その上、シリンダの気密性を達成するために、シリンダ・チューブと各クロージャ部品との間に追加的なシールを定期的に挿入せねばならない。
さらに、最終組み立ては、多くの時間及び熟練労働を要する。
【0009】
ねじ結合が緩むことを回避するために、追加的な手段が提供されねばならないこともまた、不都合点である。最後に、作動圧力を変えることの結果として、ねじ山がその耐用年数を制限する動的荷重を受けることが不都合である。
【発明の概要】
【発明が解決しようとする課題】
【0010】
本発明の課題は、特に高品質であるとともに、材料節減的で、単純な、したがって、費用効果の高いやり方で製造されることができる作動シリンダを提供することである。
【課題を解決するための手段】
【0011】
課題は、請求項1に示された特徴部によって解決される。さらに好ましい実施例は、従属請求項による。
【0012】
本発明によれば、作動シリンダは、シリンダ・チューブと、第1のクロージャ部品及び第2のクロージャ部品と、ピストン・ユニットとを備える。第1のクロージャ部品及び第2のクロージャ部品は以下、まとめてクロージャ部品とも称される。
【0013】
これら基本構成部材から製造される、本発明による作動シリンダは、種々の異なる設計で提供されることができる。特に、作動シリンダは、差動作動シリンダ、プランジャ・シリンダ、同期シリンダ、伸縮シリンダ、牽引シリンダ或いはまた空気圧作動シリンダであるものとすることができる。作動シリンダは、同期シリンダとして設計される場合、以下、ステアリング・シリンダとも称される。本発明の意味における作動シリンダはさらに、特に貯蔵シリンダ、ガス・スプリング・シリンダ及び油圧ショック・アブソーバであることが理解される。
【0014】
本発明による作動シリンダは、単動式又は複動式であるように設計されることができる。
例えば差動作動シリンダは、2つの作動チャンバを備えた複動式油圧作動シリンダであり、このシリンダでは、2つの作動チャンバにおいて、有効ピストン面は種々の異なるサイズを有する。したがって、種々の異なる大きさの力が、2つの作動方向に同じ作動圧力でピストンに作用する。差動作動シリンダとは対照的に、同期シリンダのピストン・ロッドは、両側に配置された案内クロージャ部品によって案内され、そのため、ピストンの有効面は同じサイズを有し、したがって、同じ大きさの力が、双方の作動方向に同じ作動圧力で作用し、そのため、同期シリンダは、特にステアリング・シリンダとして用いられる。これに対し、プランジャ・シリンダは、単動式作動シリンダであり、このシリンダでは、圧力媒体が固体としてピストンを変位させ、したがって、ピストンを外側へ移動させる。同じことが伸縮シリンダに当てはまり、このシリンダでは、複数のシリンダ・チューブが互いに挿入され、したがって、特に長い作動移動が可能となる。
【0015】
シリンダ・チューブは、本質的に既知のように中空円筒形設計を有し、本発明によれば、第1のシリンダ・チューブ端及び第2のシリンダ・チューブ端を有する。組み立て後、第1のクロージャ部品は、第1のシリンダ・チューブ端に配置され、第2のクロージャ部品は、第2のシリンダ・チューブ端に配置される。好ましくは、シリンダ・チューブ端は双方とも、同じようにして製造される。したがって、2つのシリンダ・チューブ端は好ましくは、面取りされた軸方向前面部を有し、斜面が同じ角度を有する。したがって、軸方向前面部は好ましくは、同じ横断面積を有する。

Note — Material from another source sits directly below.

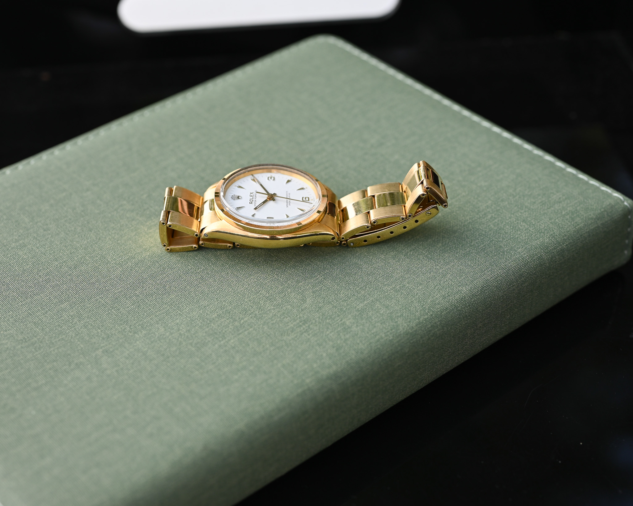 Rolex Oyster Perpetual 6567 in Gelbgold mit 7205 Goldband und Big Logo Schließe

しかしながら、異なるやり方で設計されるシリンダ・チューブ端を製造することも可能である。
【0016】
本発明によれば、第1のクロージャ部品は、第1のシリンダ・チューブ端に配置される。好ましくは、第1のクロージャ部品は、案内クロージャ部品である。案内クロージャ部品は、ピストン・ユニットを摺動及び密封式に受け入れるクロージャ部品であるものと理解される。差動作動シリンダでは、例えば、ピストン・ユニットは、ピストン及びピストン・ロッドから成ることができ、ピストン・ロッドは、案内クロージャ部品によって受け入れられる。プランジャ・シリンダでは、ピストン・ユニットは、案内クロージャ部品によって受け入れられる、プランジャ・ピストンとも称される容積形成ピストンとして設計される。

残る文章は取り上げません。